*Instructions to follow:* All lines from the top of the records below through the line holding "На рис. 1 показана", and only those, should be printed exactly, minus the pictures.

[[ Study material, beginning ]]

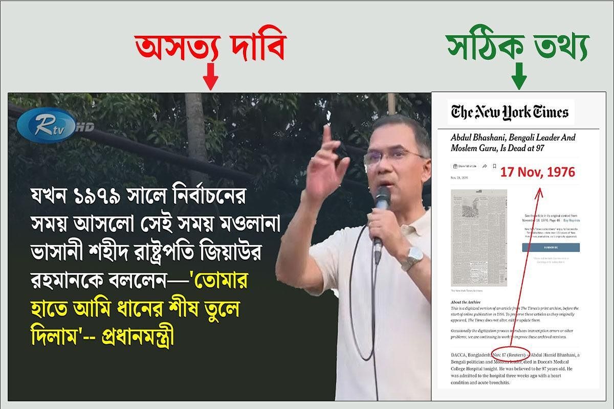 তবে প্রধানমন্ত্রীর এই দাবিটি সত্য হওয়ার সুযোগ নেই। কারণ, মওলানা ভাসানী মারা যান ১৯৭৬ সালের ১৭ নভেম্বর। বিশ্বের শীর্ষ সংবাদমাধ্যমগুলোতে ভাসানীর মৃত্যুর সংবাদ প্রকাশিত হয়।
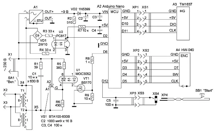 На рис. 1 показана схема доработанного аппарата контактной сварки. Он собран на популярном и дешёвом модуле Arduino Nano с индикацией на четырёхразрядном светодиодном дисплее - модуле А3. Питается устройство от модуля А1, который преобразует переменное напряжение 230 В в посто-янное стабилизированное напряжение 9 В. На диодном мосте VD1 и оптроне U2 собран датчик перехода переменного напряжения через ноль, резисторы R3 и R4 - токоограничивающие. На коллекторе фототранзистора оптрона U2 формируются короткие положительные импульсы при переходе сетевого напряжения через ноль, два импульса на один период. Этот датчик нужен для синхронизации включения симистора VS1. Чтобы он включался на пике полуволны, в программе Arduino Nano сделана регулируемая задержка от 1 до 5 мс для изменения времени задержки его включения. Управляется симистор VS1 с помощью симисторного оптрона U1 MOC3052 без узла детектора ноля. Обратите внимание, что оптрон MOC3063 и аналогичный, в котором присутствует детектор ноля, использовать нельзя.
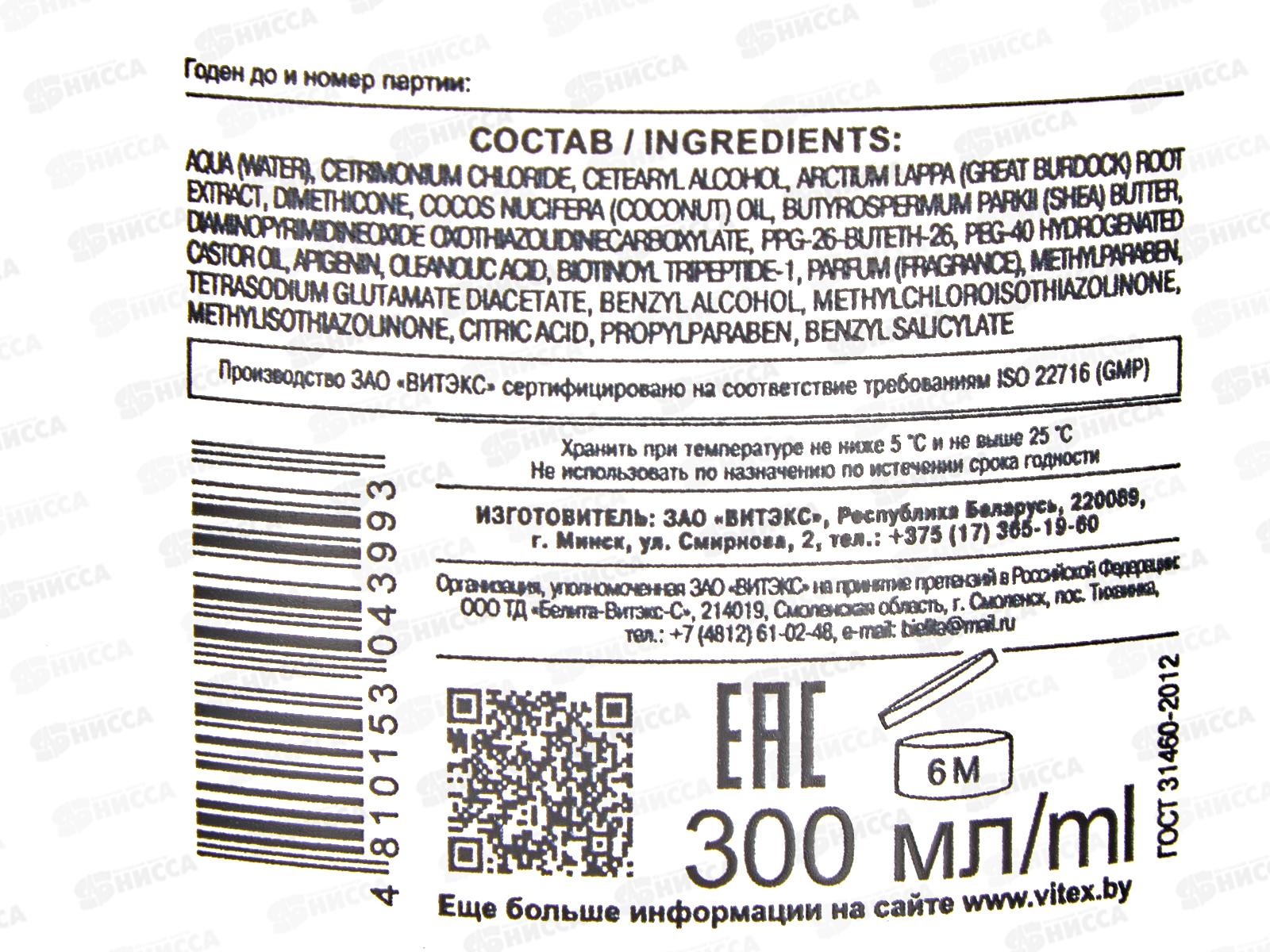 Укрепляющий бальзам-интенсив – это уникальное сочетание природных и высоконаучных современных компонентов, которые эффективно уменьшают выпадение и одновременно усиливают рост здоровых, крепких волос. Состав: вода, хлорид цетримония, цетеариловый спирт, экстракт корня Arctium Lappa (лопуха), диметикон, масло Cocos Nucifera (кокосовое), масло Butyrospermum parkii (ши), окситиазолидинкарбоксилат диаминоприримидиноксида, ППГ-26-бутет-26, ПЭГ-40 гидрогенизированное касторовое масло, апигенин, олеаноловая кислота, биотиноилтрипептид-1, парфюмерная композиция, метилпарабен, глутамат диацетат тетранатрия, бензиловый спирт, метилхлоризотиазолинон, метилизотиазолинон, лимонная кислота, пропилпарабен, бензилсалицилат.
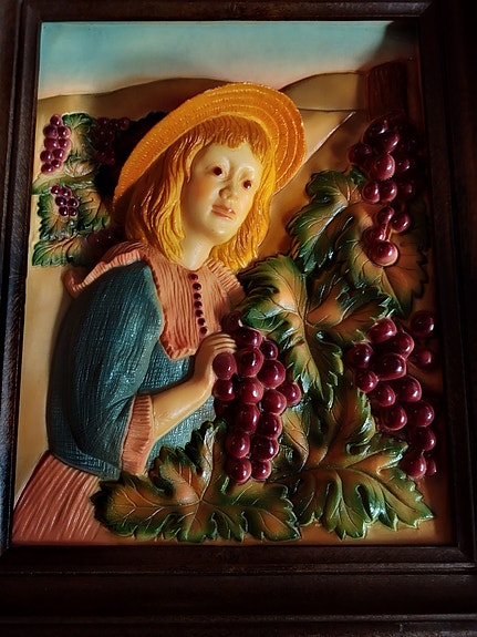 Tyttö patsas viini tarhassa taulu
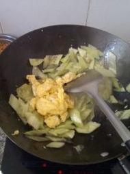 5. 炒蛋:将打好的鸡蛋液倒入锅中,用铲子快速翻炒,使鸡蛋均匀裹在瓜块上。
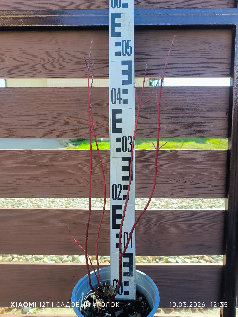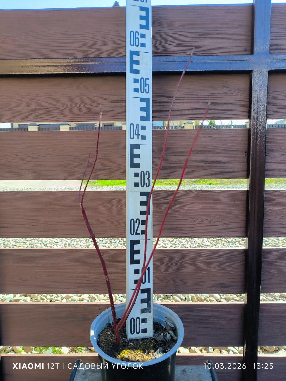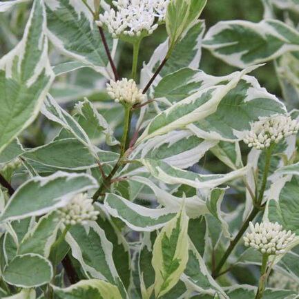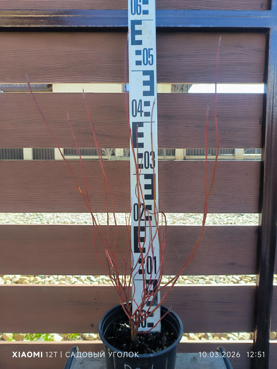 быстрорастущий кустарник с тонкими декоративными побегами. Высота 2-3 м, ширина кроны 3-5 м. Кора на молодых побегах оливково-зеленая, к осени становится кораллово-красной или темно-красной с сизым налетом, на более старых - кора красно-бурая или сероватая. Цветки мелкие, белые, собраны в многочисленные щитковидные соцветия. Цветет в первой половине лета и повторно в начале осени. Листья серо-зеленые с белой каймой, несколько морщинистые, снизу - сизовато-белые. Осенью окрашиваются в фиолетово-красный цвет. Хорошо переносит стрижку

[[ Study material, end ]]

*Your response:*
 তবে প্রধানমন্ত্রীর এই দাবিটি সত্য হওয়ার সুযোগ নেই। কারণ, মওলানা ভাসানী মারা যান ১৯৭৬ সালের ১৭ নভেম্বর। বিশ্বের শীর্ষ সংবাদমাধ্যমগুলোতে ভাসানীর মৃত্যুর সংবাদ প্রকাশিত হয়।
 На рис. 1 показана схема доработанного аппарата контактной сварки. Он собран на популярном и дешёвом модуле Arduino Nano с индикацией на четырёхразрядном светодиодном дисплее - модуле А3. Питается устройство от модуля А1, который преобразует переменное напряжение 230 В в посто-янное стабилизированное напряжение 9 В. На диодном мосте VD1 и оптроне U2 собран датчик перехода переменного напряжения через ноль, резисторы R3 и R4 - токоограничивающие. На коллекторе фототранзистора оптрона U2 формируются короткие положительные импульсы при переходе сетевого напряжения через ноль, два импульса на один период. Этот датчик нужен для синхронизации включения симистора VS1. Чтобы он включался на пике полуволны, в программе Arduino Nano сделана регулируемая задержка от 1 до 5 мс для изменения времени задержки его включения. Управляется симистор VS1 с помощью симисторного оптрона U1 MOC3052 без узла детектора ноля. Обратите внимание, что оптрон MOC3063 и аналогичный, в котором присутствует детектор ноля, использовать нельзя.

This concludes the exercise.